What I probably did not write too clearly in the first paragraph is that
the tendency to ignore DSNs is a direct result of collateral spam; by
reducing or eliminating collateral spam, people may pay more attention
to the DSNs they _do_ get.
A 550 SMTP response is a lot better than a bounce message in terms of
generating DSNs only to the legitimate sender of a message. In the case
of legitimate mail, the actual bounce message will be generated by their
own ISP/organization, based on your 550 response. In the case of
virii/ratware, no message is generated.
> > 'course, there is the special case of mail forwarded to you from
> > "trusted" sources, such as back MXes, accounts elsewhere, etc. For
> > that, you use host-based whitelists.
> [...]
> > http://tldp.org/HOWTO/Spam-Filtering-for-MX/forwardedmail.html
> [...]
> > "Closed" relays, such as mailing list servers, *should* be
> > whitelisted. This, too, can be supported per-user, without
> > restricting each mail to one recipient.
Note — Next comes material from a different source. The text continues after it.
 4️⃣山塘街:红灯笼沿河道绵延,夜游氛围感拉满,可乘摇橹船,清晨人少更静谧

See the links above for
> > details.
>
> I'm getting the impression that you must be blessed with only
> extremely technically savvy users. :-) There is no way in hell that
> most normal users will be able to maintain such a whitelist. Not even
> everyone of my fellow Debian developers do (cf. another of my emails
> in this thread) and they're (supposedly?) a fairly techical bunch..
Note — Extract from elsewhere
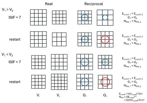 [math]\displaystyle{ N_{PW} }[/math] is constant in a relaxation calculation, which means that [math]\displaystyle{ E_{cutoff} }[/math] must change to compensate for changes in [math]\displaystyle{ \Omega }[/math]. All the initial G-vectors within a sphere are included in the basis. However, when comparing cells of different sizes, i.e. during a relaxation, the cell shape is relaxed, so the direct and reciprocal lattice vectors change. The number of reciprocal G-vectors in the basis is kept fixed but the length of the G-vectors changes, indirectly changing the energy cutoff. In other words, the shape of the cutoff region changes from a sphere to an ellipsoid. This can be solved by using an infinite number of k-points and plane waves. In practice, a large enough plane wave energy cutoff and number of k-points leads to converged energies.[2] All energy changes are strictly consistent with the stress tensor; however, when the basis set is too small, i.e. prematurely truncated, this results in discontinuities in the total energy between cells of varying volumes. These discontinuities between energy and volume create stress that decreases the equilibrium volume, due to the diagonal components of the stress tensor being incorrect. This is called the Pulay stress. Figure 1 (top) show these discontinuities for diamond for prematurely truncated energy cutoffs and k-point meshes, respectively, in comparison to converged curves.

Yeah. That's a problem, I agree.
Still, IMHO, accidentally rejecting mail from mailing list servers is no
worse than sending a bounce message back to the envelope sender (which,
in the case of Debian's mailing list servers contains a "cookie" that
identifies the recipient). Whether you do bounces or SMTP rejections,
you may need to whitelist such servers to remain on the lists .
OTOH, I get the feeling that you advocate sending suspected spam to the
bit bucket (or a temporary/expiring junk mail store), without doing
_either_ SMTP-time filtering _or_ creating DSNs. That's a different
approach, which - granted - does not generate collateral spam, but can
also make the mail infrastructure unreliable.